EXERCISE DIRECTIONS.
Write the listing out again word for word. Pictures do not belong in the copy.

GIVEN DATA.

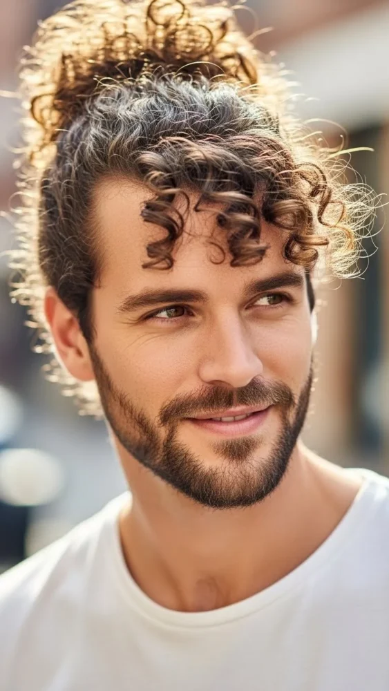 Curly hair adds volume and texture that makes man buns stand out naturally.
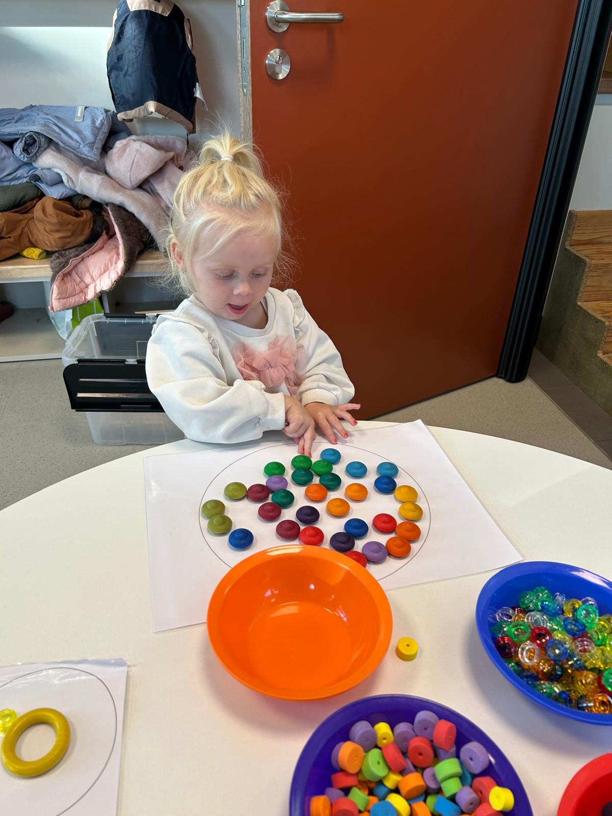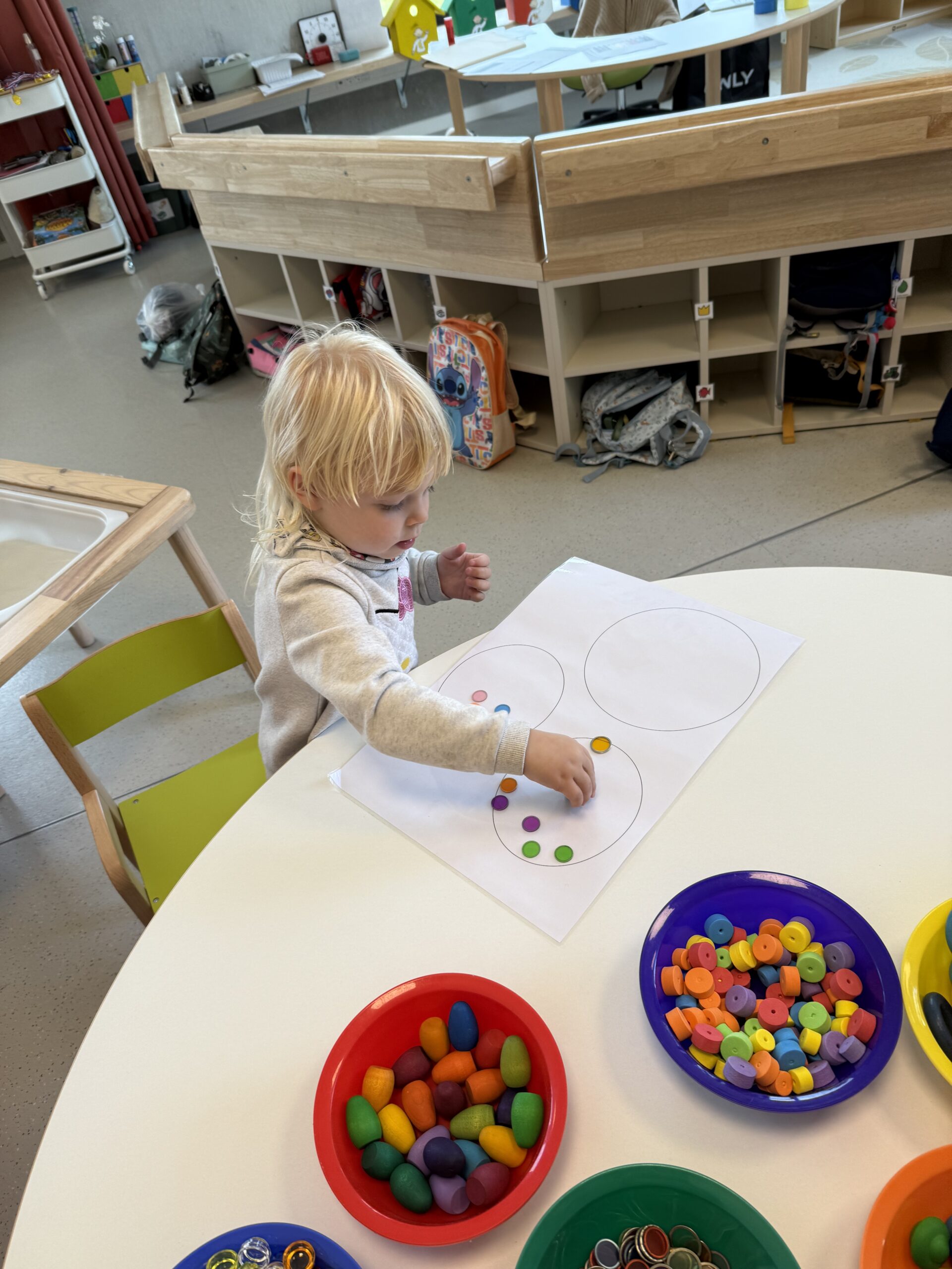 Op vlak van wiskunde legde ik deze week de nadruk op de 1/1-relatie en het tellen tot 3. De kinderen namen telkens drie spulletjes en legden daarna bij elk voorwerp een muntje. Op die manier leerden ze niet alleen tellen tot 3, maar ook dat er bij elk object precies één muntje hoort.
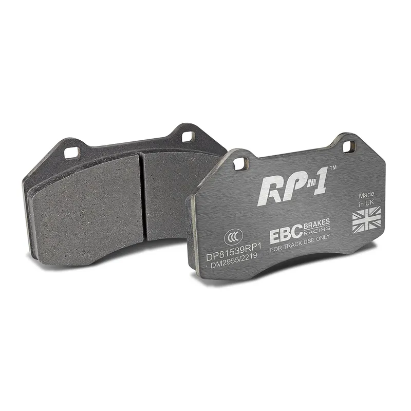 Compared to EBC Racing’s other track pad RP?X, RP?1 has a 25% reduction in friction coefficient across its working temperature range making RP?1 the more suitable choice for light?medium weight cars, cars with non EBC Big Brake Kits fitted, or vehicles with no ABS. For heavy or inherently under?servoed vehicles which suit a very aggressive pad, EBC Racing’s other track material RP?X may be preferable.

RESULT OF THIS TASK.
 Curly hair adds volume and texture that makes man buns stand out naturally.
 Op vlak van wiskunde legde ik deze week de nadruk op de 1/1-relatie en het tellen tot 3. De kinderen namen telkens drie spulletjes en legden daarna bij elk voorwerp een muntje. Op die manier leerden ze niet alleen tellen tot 3, maar ook dat er bij elk object precies één muntje hoort.
 Compared to EBC Racing’s other track pad RP?X, RP?1 has a 25% reduction in friction coefficient across its working temperature range making RP?1 the more suitable choice for light?medium weight cars, cars with non EBC Big Brake Kits fitted, or vehicles with no ABS. For heavy or inherently under?servoed vehicles which suit a very aggressive pad, EBC Racing’s other track material RP?X may be preferable.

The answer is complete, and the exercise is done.